Hungarian-language theatre in Timișoara, Romania

The Csiky Gergely Hungarian State Theatre (Csiky Gergely Állami Magyar Színház) is a Hungarian-language theatre in Timișoara, Romania, founded in 1957. Its predecessor was the Hungarian section of the State Theater in Timișoara, established as a professional theatre in 1953.

== History ==
=== Beginnings ===
The first Hungarian theatre performance was given here in 1828 by the Košice Singing and Acting Company, which was a guest in Banat, and the performances of the traveling companies became regular from the 1850s. In 1875, the guest actors of the Budapest National Theatre inaugurated Ede Szigligeti's A nőuralom in the building that houses the current three independent theatres and the Timișoara State Opera. Even Emperor Franz Joseph I attended the event.
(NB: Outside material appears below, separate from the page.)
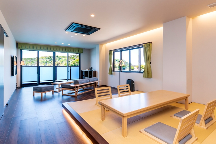 天草渚亭(施設番号: 68202)は、松島温泉エリアに位置する全室オーシャンビューの旅館です。比較的新しい設備で、モダンな和室にテラスと露天風呂が付いた客室が人気です。

At the beginning, two theatre troupes operated in the building: one in German and the other in Hungarian, and on 1 February 1885, by a decision of the Timișoara City Hall, the Hungarian troupe obtained the status of permanent professional theatre. The first director of the theater was Ignác Krecsányi. Under his directorship, many actors who later became famous began their careers in Timișoara, including Jenő Janovics, Mihály Fekete, Árpád Latabár and Vilma Medgyaszay.

=== After World War I ===
From August 1919, the Hungarian theatre entered a period of decline due to the fall of the Austro-Hungarian Empire, the introduction of censorship, new concession conditions, and later, in 1920, due to the fire in which the theatre building burned almost completely. In addition, in 1921, the new law on theatres was promulgated, which discriminated against minority theatres and which practically put an end to the Hungarian professional theatre in Timișoara.

=== After World War II ===
The Hungarian-language theatre was practically reborn in 1953, when a troupe was set up consisting of members of the theatre ensemble attached to the Timișoara City Hall and of actors of Jódy Károly's Arad and Timișoara troupes. The first appointed director of the new troupe was Emil Josan. The inauguration took place on 3 May 1953 in the "Great Hall", the same that has since served the two troupes of the Hungarian and German theatres, with the comedy Ingyenélők by Gergely Csiky. Under the directorship of János Taub, on 1 October 1957, the "Hungarian section" became an independent institution under the name of the Hungarian State Theatre.

After a period of rise, in which the Hungarian Theatre of Timișoara established itself as one of the most valuable theatres in Romania, in the 1980s, the repertoire became dependent on the requirements of the communist dictatorship, and the institution had to resort to drastic self-financing measures. The effects could be seen quickly, by the sudden reduction of the troupe, by the retirement or departure of the young actors, but also by the alarming dilution of the repertoire – only light comedies, musical and cabinet performances of poor quality were staged. The same situation was also reflected at the end of 1989, when the theatre was renamed the Csiky Gergely State Theater, and the management was taken over by a directorate consisting of Péter Dukász, György Koczka and Lajos Makra.